Anders picture Anders · Apr 8, 2011 · Viewed 20.6k times · Source

I'm developing an application where I need to insert lots of Contact entries. At the current time approx 600 contacts with a total of 6000 phone numbers. The biggest contact has 1800 phone numbers.

Status as of today is that I have created a custom Account to hold the Contacts, so the user can select to see the contact in the Contacts view.

But the insertion of the contacts is painfully slow. I insert the contacts using ContentResolver.applyBatch. I've tried with different sizes of the ContentProviderOperation list(100, 200, 400), but the total running time is approx. the same.

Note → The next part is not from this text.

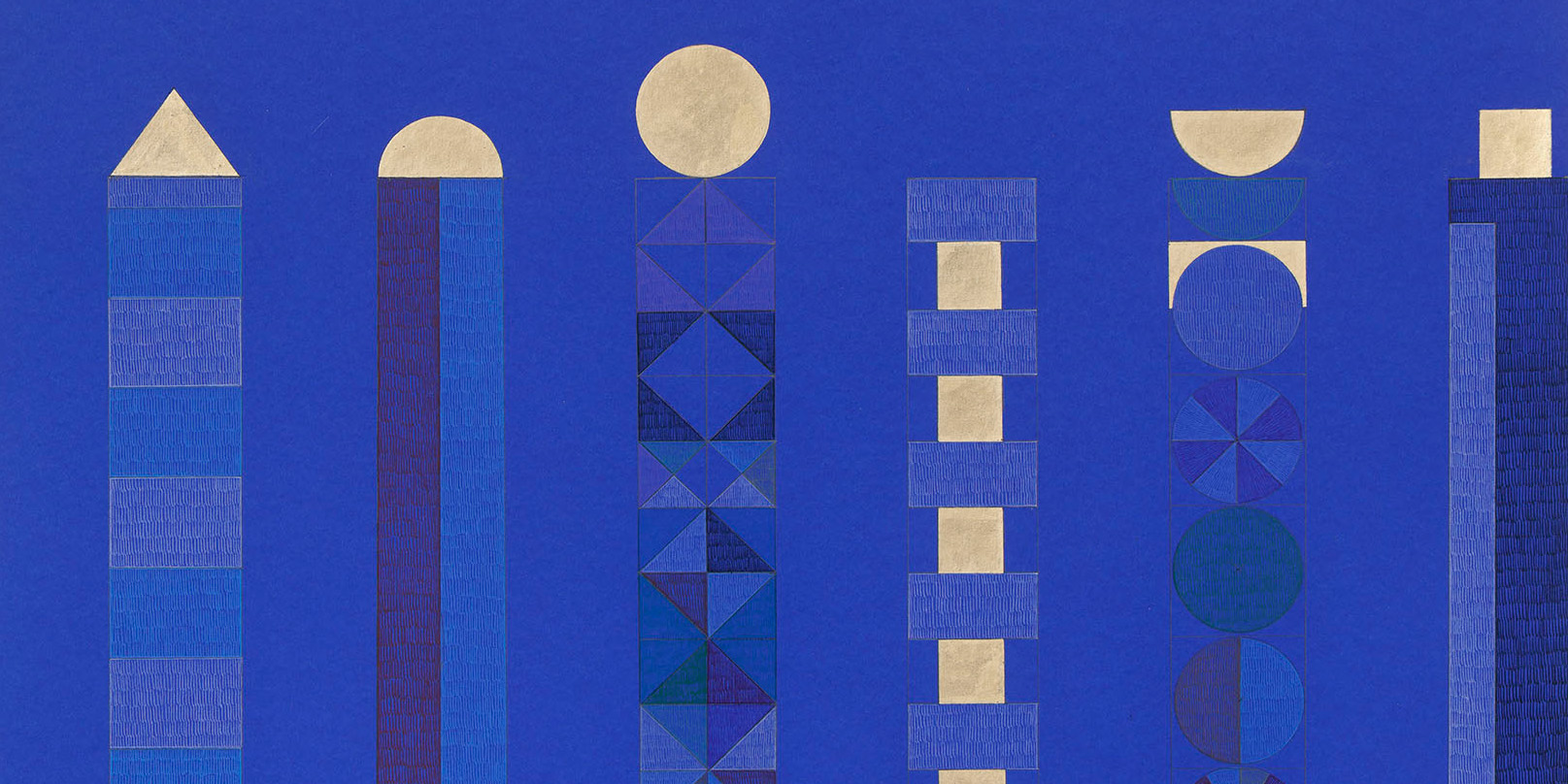 Gold leaf and color pencil on color paper
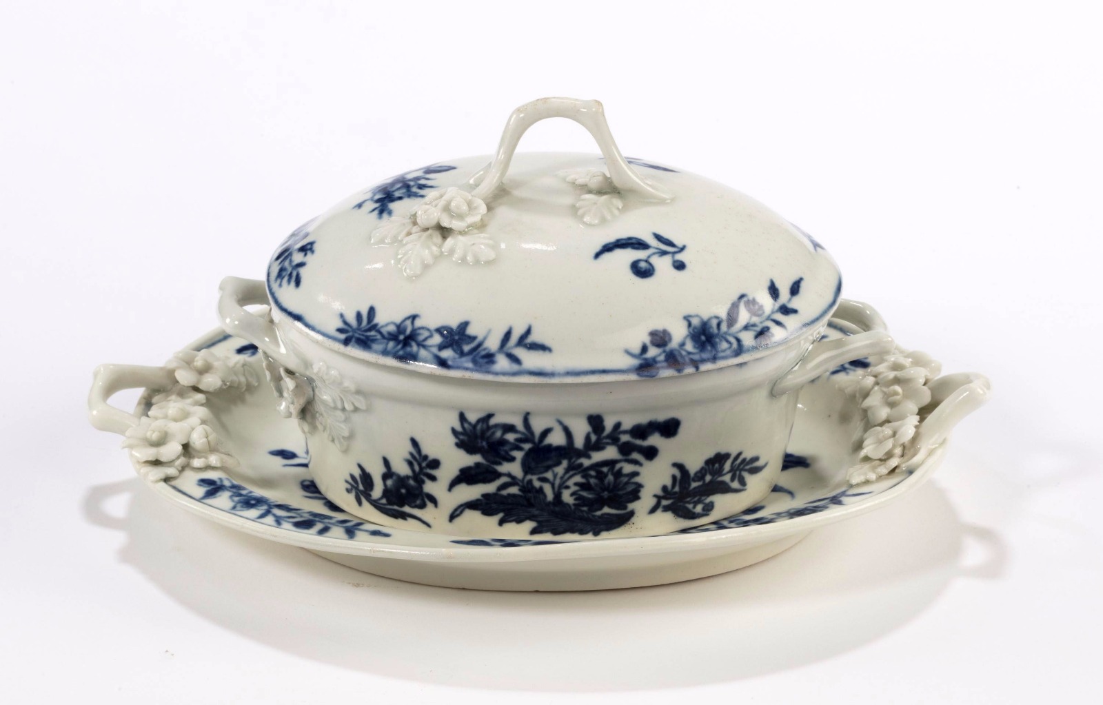Late 18th Century Worcester Blue & White Printed Oval Butter Tub

To insert all the contacts and numbers takes about 30 minutes!

Most issues I've found regarding slow insertion in SQlite brings up transactions. But since I use the ContentResolver.applyBatch-method I don't control this, and I would assume that the ContentResolver takes care of transaction management for me.

So, to my question: Am I doing something wrong, or is there anything I can do to speed this up?

Anders

Edit: @jcwenger: Oh, I see. Good explanation!

So then I will have to first insert into the raw_contacts table, and then the datatable with the name and numbers. What I'll lose is the back reference to the raw_id which I use in the applyBatch.

So I'll have to get all the id's of the newly inserted raw_contacts rows to use as foreign keys in the data table?

Answer

jcwenger picture jcwenger · Apr 8, 2011

Use ContentResolver.bulkInsert (Uri url, ContentValues[] values) instead of ApplyBatch()

ApplyBatch (1) uses transactions and (2) it locks the ContentProvider once for the whole batch instead locking/unlocking once per operation. because of this, it is slightly faster than doing them one at a time (non-batched).

However, since each Operation in the Batch can have a different URI and so on, there's a huge amount of overhead. "Oh, a new operation! I wonder what table it goes in... Here, I'll insert a single row... Oh, a new operation! I wonder what table it goes in..." ad infinitium. Since most of the work of turning URIs into tables involves lots of string comparisons, it's obviously very slow.

By contrast, bulkInsert applies a whole pile of values to the same table. It goes, "Bulk insert... find the table, okay, insert! insert! insert! insert! insert!" Much faster.

It will, of course, require your ContentResolver to implement bulkInsert efficiently. Most do, unless you wrote it yourself, in which case it will take a bit of coding.